Buying Interest Led By Heavyweight Stocks

Gaurav Garg,
Lemonn Markets Desk
Mumbai, 27 January 2026: “Indian equity benchmarks rebounded sharply from early losses on Tuesday, with the Sensex and Nifty turning positive after a weak start, supported by firm global cues, easing crude prices and optimism around the proposed India–European Union trade agreement.
Buying interest was led by heavyweight stocks such as Axis Bank, Adani Ports, UltraTech Cement, Bharat Electronics, Tata Steel, NTPC, State Bank of India and Tech Mahindra. Axis Bank gained over 4 percent after reporting a modest rise in December quarter profit. In contrast, Kotak Mahindra Bank and Asian Paints fell more than 4 percent as its quarterly earnings failed to meet investor expectations.

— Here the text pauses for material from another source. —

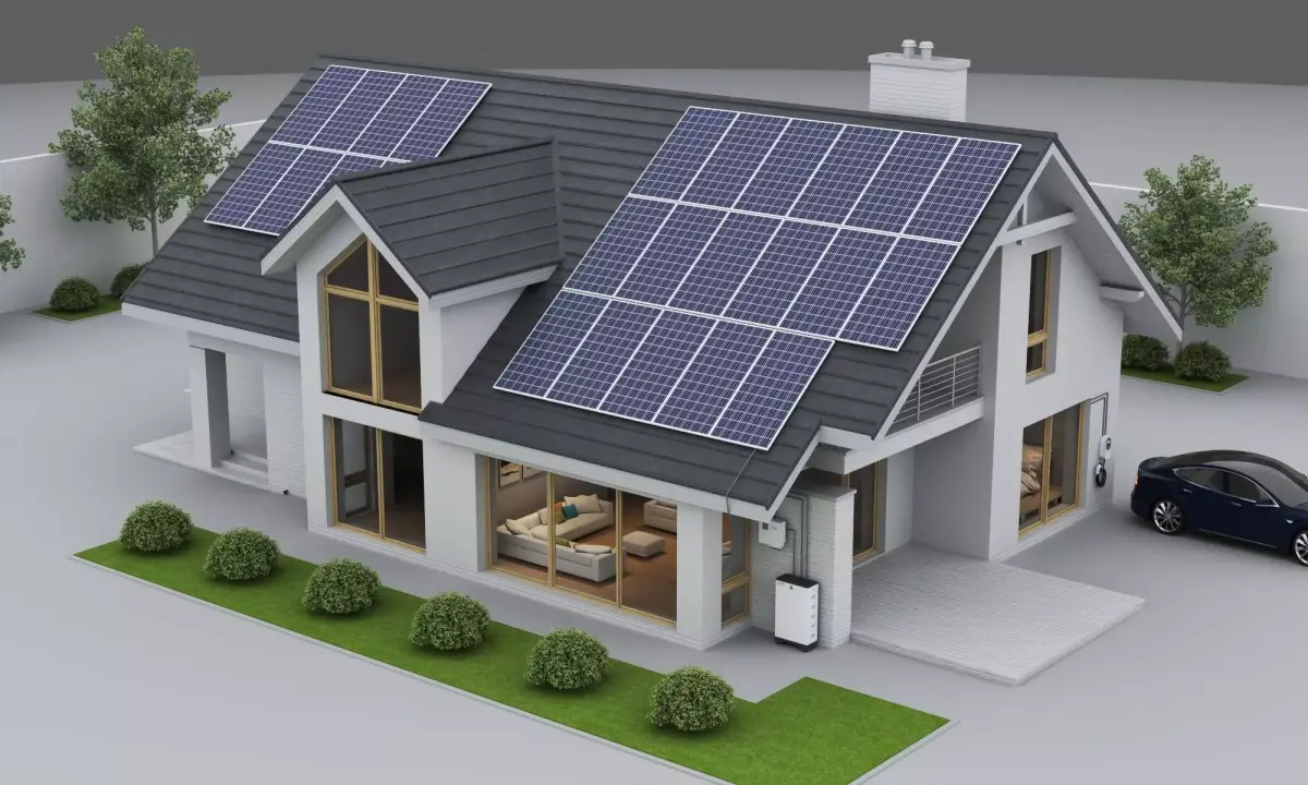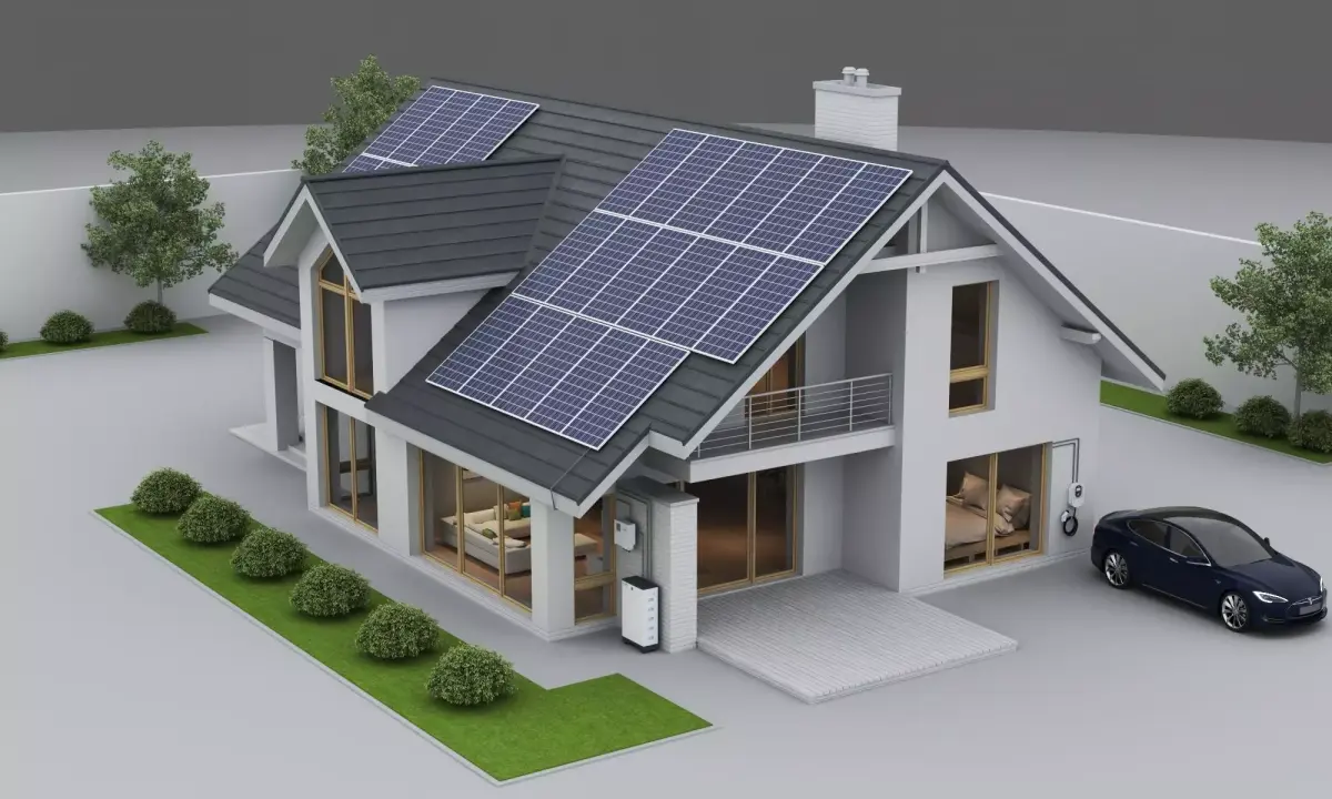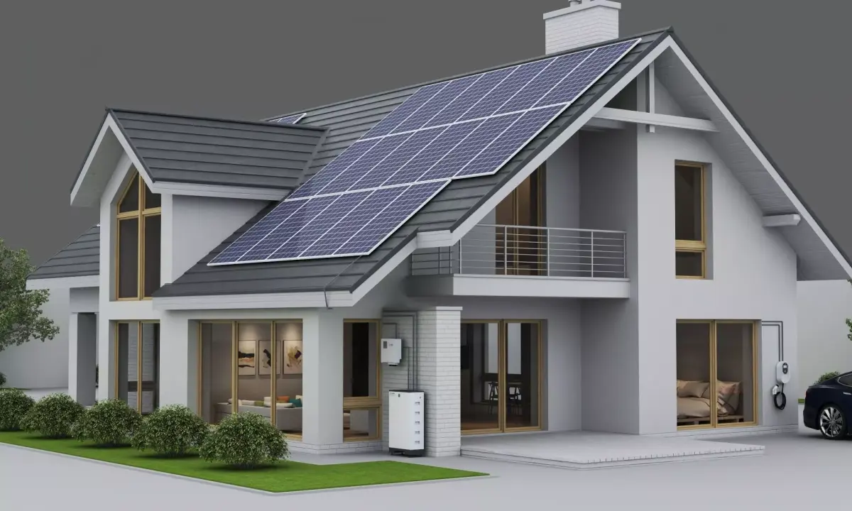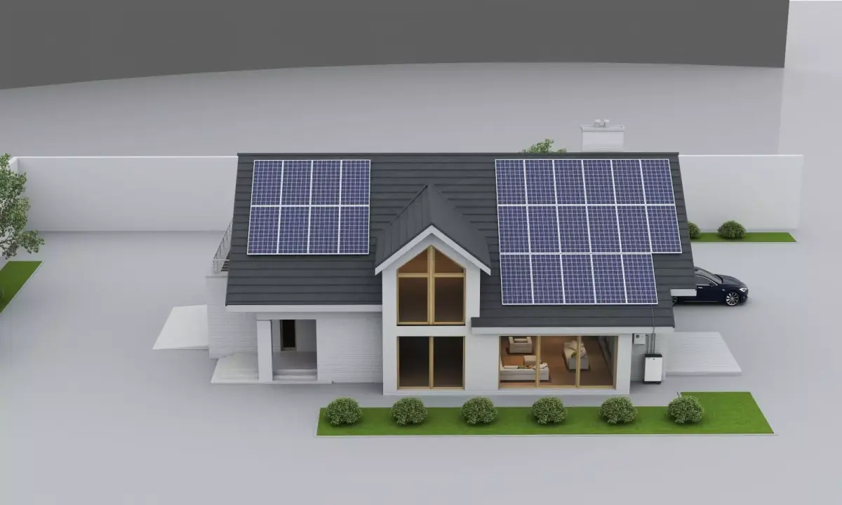 This is a high-quality 3D model of a modern residential house, featuring an eco-friendly design with solar panels and an electric vehicle charging station on the roof.

Market sentiment improved on multiple supportive cues. Optimism surrounding the India–EU free trade agreement buoyed sentiment, although caution exists that the agreement is unlikely to have an immediate economic impact as it is expected to be operational only from 2027. The recovery in the rupee from record low levels, along with a softer dollar index, also aided domestic equities.

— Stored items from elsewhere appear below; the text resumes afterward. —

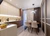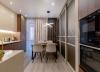 - общее пространство просторной кухни-гостиной при желании может быть разделено раздвижной перегородкой
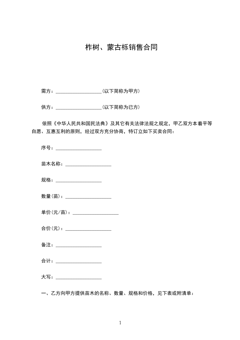 柞树、蒙古栎种苗销售合同
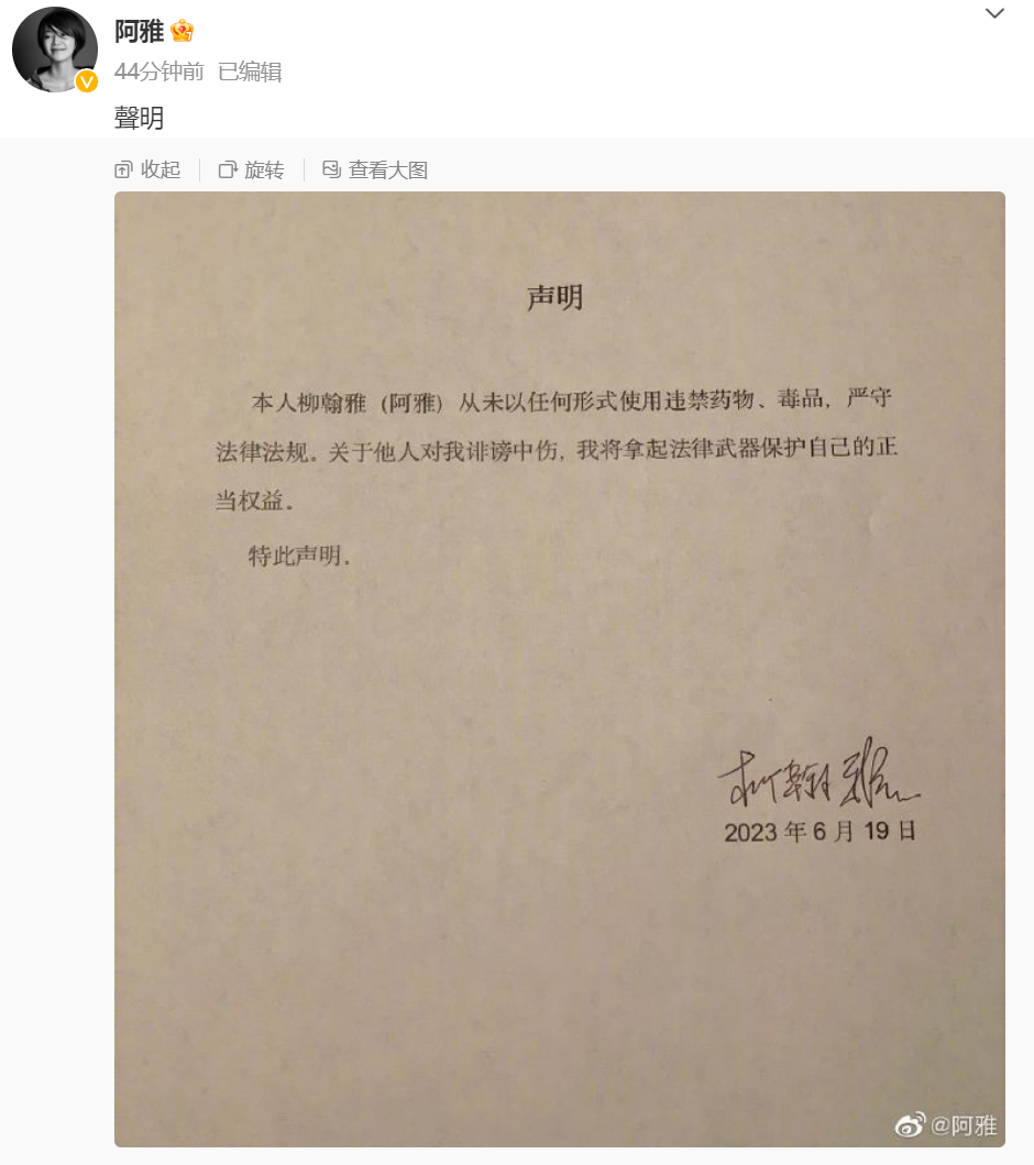 今天下午,阿雅在微博发布声明回应:“本人从未以任何形式使用违禁药物”,“关于他人对我诽谤中伤,我将拿起法律武器保护自己的正当权益。”
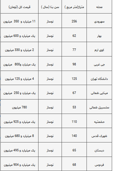 قیمت آپارتمان تازه ساخت در نقاط مختلف پایتخت
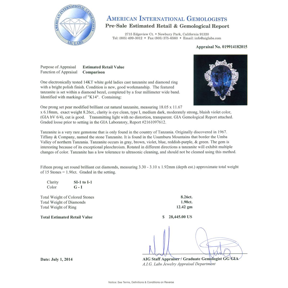 One electronically tested 14KT white gold ladies cast tanzanite and diamond ring with a bright polish finish. Condition is new, good workmanship. The featured tanzanite is set within a diamond bezel, completed by a four millimeter wide band. Identified with markings of "K14". Containing: One prong set pear modified brilliant cut natural tanzanite, measuring 18.05 x 11.67 x 6.18mm, exact weight 8.26ct., clarity is eye clean, type I, medium dark, moderately strong, bluish violet color, (GIA bV 6/4), cut is good. Transmitting light with no distortion, transparent. GIA Gemological Report attached. Graded loose prior to setting in the GIA Laboratory, Report #2161097612.Tanzanite is a very rare gemstone that is only found in the country of Tanzania. Originally discovered in 1967. Tiffany & Company, named the stone Tanzanite. It is found in the Usumburu Mountains that border the Umba Valley of northern Tanzania. Tanzanite occurs in gray, brown, violet, blue, reddish-purple, & green. The gem is interesting because of its exceptional pleochroism. Rotated in different directions a tanzanite will exhibit multiple changes of color. Tanzanite has a low tolerance to ultrasonic cleaning, and should not be cleaned using this method. Fifteen prong set round brilliant cut diamonds, measuring 3.30 - 3.10 x 1.92mm (depth est.) approximate total weight of 15 Stones = 1.90ct. Graded in the setting. Clarity: SI-1 to I-1. Color: G - I. Total Weight of Colored Stones 8.26ct. Total Weight of Diamonds 1.90ct. Total Weight of Ring 12.42 grams. AIG Appraised at $28,445.00.
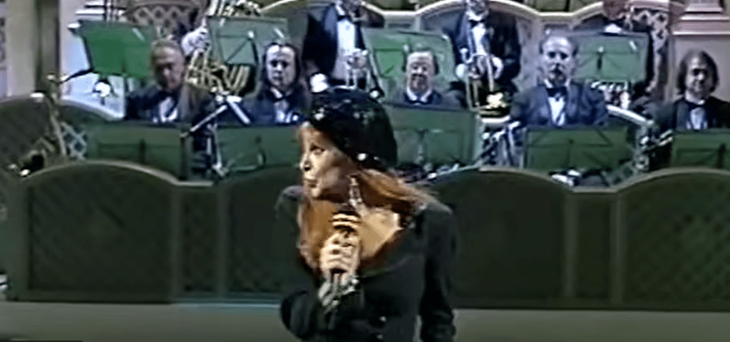 Lo dico subito: lei semplicemente strepitosa, in abito da donna “di mondo” di altri tempi, grande interpretazione teatrale, lei divina anche solo quando scende la scala e si rivolge a Pippo – che fa pure una piccola autocritica del genere maschile. Canzone bella, originale e suggestiva. E la mandano fuori. Se ci fossero stati i social nel 1993, sarebbe stato appropriato un profluvio di “VERGONIA1!!!11!!!”
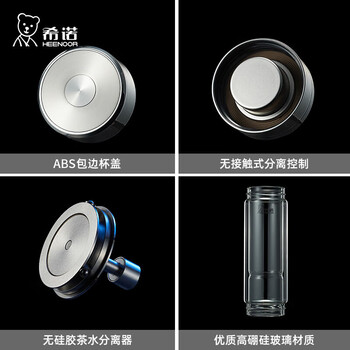 希诺双层玻璃杯磁吸式茶水分离杯子男高档茶杯水杯XN-7012紫灰色300mL
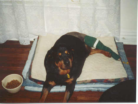 NAME: Mimi BREED: Rottweiller GENDER: Female AGE: 6 yro COLOR: Black, brown, docked tail RESCUED FROM: Genessee County Humane Society (found in a ditch unable to get up) PERSONALITY: A real sweetheart of a dog. Loves attention, people, and children SPECIAL NEEDS: None. **UPDATE: - We found out both of Mimi's rear knees were blown out and needed replacement. The Goslas (parents of Rupert & Taylor) fostered Mimi and cared for her during her recuperation. Mimi was adopted by John Ousnamer 04/29/01. |
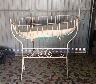 berceau naissance metal blan tres bonne etat avec voile et habillage complet
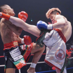 3月武道館大会で鷹大に打ち込まれる玖村の右ストレート

Additional support came from expectations of a possible reduction in US tariffs on India and liquidity-enhancing measures announced by the Reserve Bank of India, which plans to inject over USD 23 billion into the banking system through bond purchases, forex swaps and repo operations.

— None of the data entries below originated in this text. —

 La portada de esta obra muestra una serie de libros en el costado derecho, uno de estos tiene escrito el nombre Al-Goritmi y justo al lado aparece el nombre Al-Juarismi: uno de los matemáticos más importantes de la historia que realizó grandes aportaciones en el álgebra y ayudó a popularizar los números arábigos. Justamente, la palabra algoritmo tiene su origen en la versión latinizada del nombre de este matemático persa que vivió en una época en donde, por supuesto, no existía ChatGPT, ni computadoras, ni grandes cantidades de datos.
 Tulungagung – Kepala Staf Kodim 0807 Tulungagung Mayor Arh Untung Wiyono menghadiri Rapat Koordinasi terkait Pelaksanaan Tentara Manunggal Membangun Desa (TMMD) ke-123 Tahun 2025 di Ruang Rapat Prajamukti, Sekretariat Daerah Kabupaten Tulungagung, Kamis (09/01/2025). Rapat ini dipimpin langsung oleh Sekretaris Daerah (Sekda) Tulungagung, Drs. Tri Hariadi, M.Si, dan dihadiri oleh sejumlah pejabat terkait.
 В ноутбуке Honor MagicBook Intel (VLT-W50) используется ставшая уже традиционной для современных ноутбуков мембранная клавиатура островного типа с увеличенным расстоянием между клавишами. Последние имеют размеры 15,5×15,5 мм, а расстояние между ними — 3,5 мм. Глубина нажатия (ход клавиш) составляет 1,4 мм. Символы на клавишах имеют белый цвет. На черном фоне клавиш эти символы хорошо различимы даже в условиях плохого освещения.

From a technical standpoint, we remain cautious. The Nifty continues to trade below its short-term moving averages, indicating a fragile setup. 25,300 zone is seen as immediate resistance, while 25,000 remains a key support level. Momentum indicators remain subdued, though oversold conditions could trigger short-term, stock-specific relief rallies.”
Shrikant Chouhan, Head Equity Research, Kotak Securities, adds:
Today, the benchmark indices witnessed a volatile trading session. After a roller-coaster activity, the Nifty ended 127 points higher, while the Sensex was up by 320 points. Among sectors, the Metal Index was the top gainer, rallying 3.35 percent, whereas the Media Index lost the most, shedding over 1 percent. Technically, after an early morning intraday dip, the market took support near 24,900/81000 and bounced back sharply. From the day's lowest level, the market rallied over 300/950 points. On daily charts, the index has formed a long bullish candle, and on intraday charts, it formed a promising reversal pattern, which is largely positive.
We are of the view that 25,000/81,400 and 24,900/81,000 would act as key support zones. As long as the market trades above these levels, a pullback formation is likely to continue. On the higher side, 25,200/81,800 would be the immediate resistance zone for the bulls. A successful breakout of 25,200/81,800 could push the market up to 25,300-25,350/82,200-82,400.
On the flip side, below 24,900/81,000, sentiment could change. If the market falls below this level, traders may prefer to exit their long positions.